┏━━

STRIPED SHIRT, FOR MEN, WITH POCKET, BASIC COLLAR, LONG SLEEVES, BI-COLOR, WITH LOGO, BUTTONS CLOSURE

┗━━
┏━━

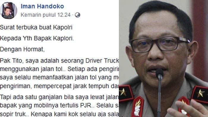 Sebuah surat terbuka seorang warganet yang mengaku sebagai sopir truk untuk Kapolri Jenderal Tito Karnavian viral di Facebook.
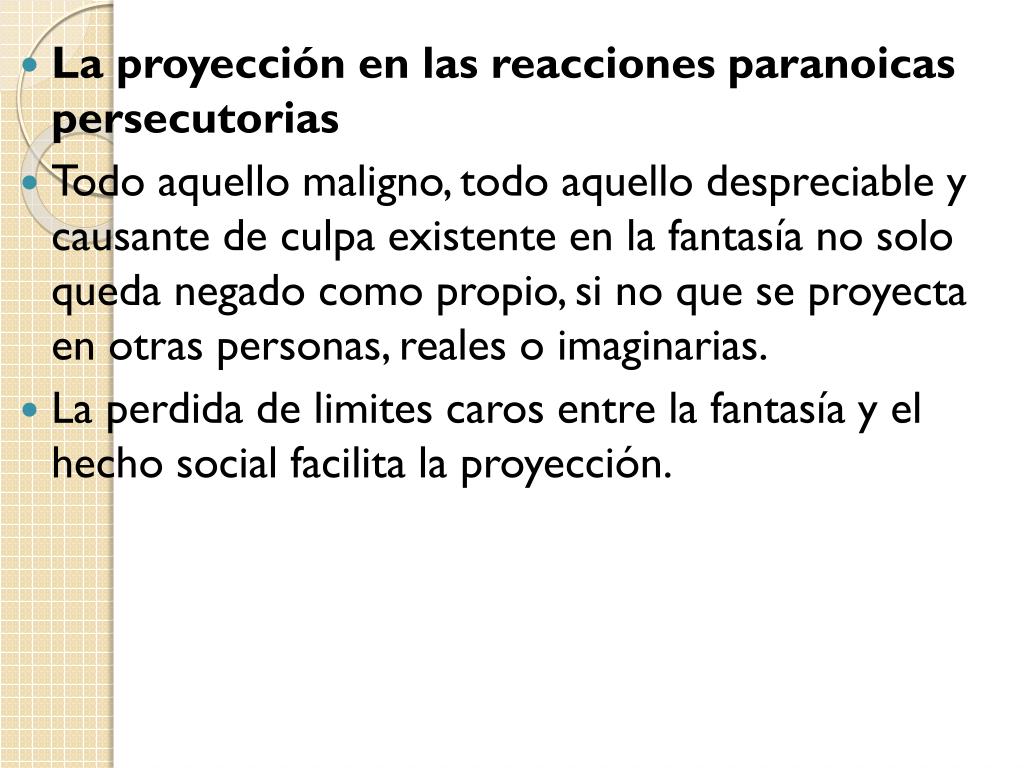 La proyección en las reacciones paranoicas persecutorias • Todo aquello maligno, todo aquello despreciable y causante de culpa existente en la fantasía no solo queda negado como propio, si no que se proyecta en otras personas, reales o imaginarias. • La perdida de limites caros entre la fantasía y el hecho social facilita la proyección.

┗━━
┏━━

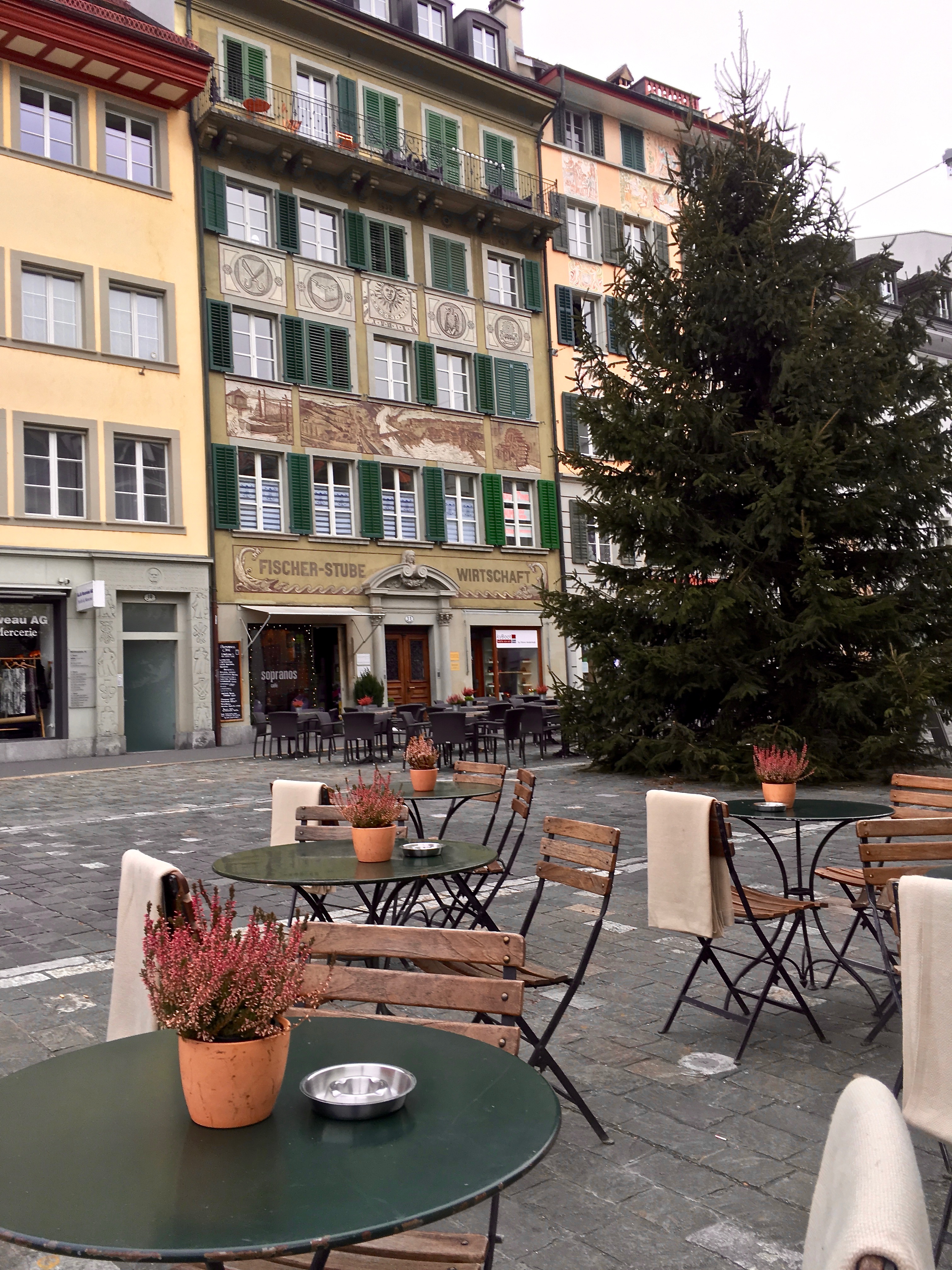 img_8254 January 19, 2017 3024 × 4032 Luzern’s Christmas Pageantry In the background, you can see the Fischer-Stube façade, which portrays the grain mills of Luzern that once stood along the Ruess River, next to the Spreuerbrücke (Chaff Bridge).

┗━━

_Exercise brief:_ Starting at the line that contains "Sebuah surat terbuka" and ending at the line that contains "La proyección en", transcribe the material above exactly, excluding pictures.

_Output for this task:_
 Sebuah surat terbuka seorang warganet yang mengaku sebagai sopir truk untuk Kapolri Jenderal Tito Karnavian viral di Facebook.
 La proyección en las reacciones paranoicas persecutorias • Todo aquello maligno, todo aquello despreciable y causante de culpa existente en la fantasía no solo queda negado como propio, si no que se proyecta en otras personas, reales o imaginarias. • La perdida de limites caros entre la fantasía y el hecho social facilita la proyección.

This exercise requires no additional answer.